With a collection of best-selling books, a net worth that has exceeded the billion-dollar mark, and his own personal private jet, Grant Cardone’s rags to riches story has won him worldwide legion of diehard fans that cling to his every word. From the fiscal to the fundamental, Grant has never been shy of sharing his often-provocative viewpoints but this one really hit home.
During a recent chinwag for Muscle and Health, Grant Cardone touched upon an unorthodox concept that made a lasting impression on his interviewer, Editor-in-Chief, Danni Levy, which she deemed as “perhaps the best advice one can glean the inspiring tycoon.”
He’s notorious for his candid opinions, but this stance seemed at first, to contradict our every basic human instinct; to seek out bigger and more interesting problems. If you’re already averse to staying in the comfort zone, you’re going to like this one.
“We all need problems,” begins Grant avidly. “People love problems. People purchase problems, they date problems, they go shopping for problems. When they don’t have problems, they manufacture problems” says the mogul.
“I can’t empathize this enough: Quit trying to get rid of your problems. Get bigger, more interesting problems!” Grant reiterates for maximum affect.

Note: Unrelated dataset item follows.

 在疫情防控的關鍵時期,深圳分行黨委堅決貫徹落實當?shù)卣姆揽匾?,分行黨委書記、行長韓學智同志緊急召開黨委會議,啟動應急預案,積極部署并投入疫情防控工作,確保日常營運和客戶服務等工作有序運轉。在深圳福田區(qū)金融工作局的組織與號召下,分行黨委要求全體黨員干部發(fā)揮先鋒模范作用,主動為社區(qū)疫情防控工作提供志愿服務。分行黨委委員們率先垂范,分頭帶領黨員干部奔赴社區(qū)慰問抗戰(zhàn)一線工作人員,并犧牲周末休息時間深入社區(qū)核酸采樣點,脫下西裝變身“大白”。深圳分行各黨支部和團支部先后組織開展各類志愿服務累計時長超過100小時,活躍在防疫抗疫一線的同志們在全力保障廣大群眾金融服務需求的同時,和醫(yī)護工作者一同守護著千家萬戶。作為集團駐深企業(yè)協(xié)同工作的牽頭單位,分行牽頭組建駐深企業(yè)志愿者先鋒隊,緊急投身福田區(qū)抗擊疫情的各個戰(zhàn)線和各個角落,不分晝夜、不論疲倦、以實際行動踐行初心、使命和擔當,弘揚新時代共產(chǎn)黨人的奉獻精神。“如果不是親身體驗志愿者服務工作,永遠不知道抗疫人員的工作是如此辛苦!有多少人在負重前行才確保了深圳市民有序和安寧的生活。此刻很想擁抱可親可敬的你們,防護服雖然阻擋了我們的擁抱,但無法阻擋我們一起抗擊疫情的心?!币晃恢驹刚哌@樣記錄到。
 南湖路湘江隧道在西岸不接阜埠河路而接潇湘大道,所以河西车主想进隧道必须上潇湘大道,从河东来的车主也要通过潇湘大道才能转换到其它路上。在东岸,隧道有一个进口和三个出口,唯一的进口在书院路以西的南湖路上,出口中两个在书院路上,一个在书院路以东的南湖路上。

“The problem with problems is that most of them are just no fun anymore. So, go get some new, big, giant problems.”
“Often, when people achieve their goals or get what they thought would make them happy, they actually become depressed” he says. “This is because there’s always going to be another thing, the next thing. It doesn’t have to be about money, it could be reaching an ideal body weight. There’s always got to be that next level of potential that keeps people interested.”
The notion of always having something to strive for seems a poignant justification to seek out bigger and better problems to solve, and distraction is certainly an effective means to sidestep the struggles of everyday life.
If we’re all inclined to absorb ourselves in the mundane trials and tribulations life inevitably throws at us, we may as well seek out more profound problems to level-up our self-improvement game.
Now, where can we order one of Grant’s ‘Trillionaire in the making’ t-shirts?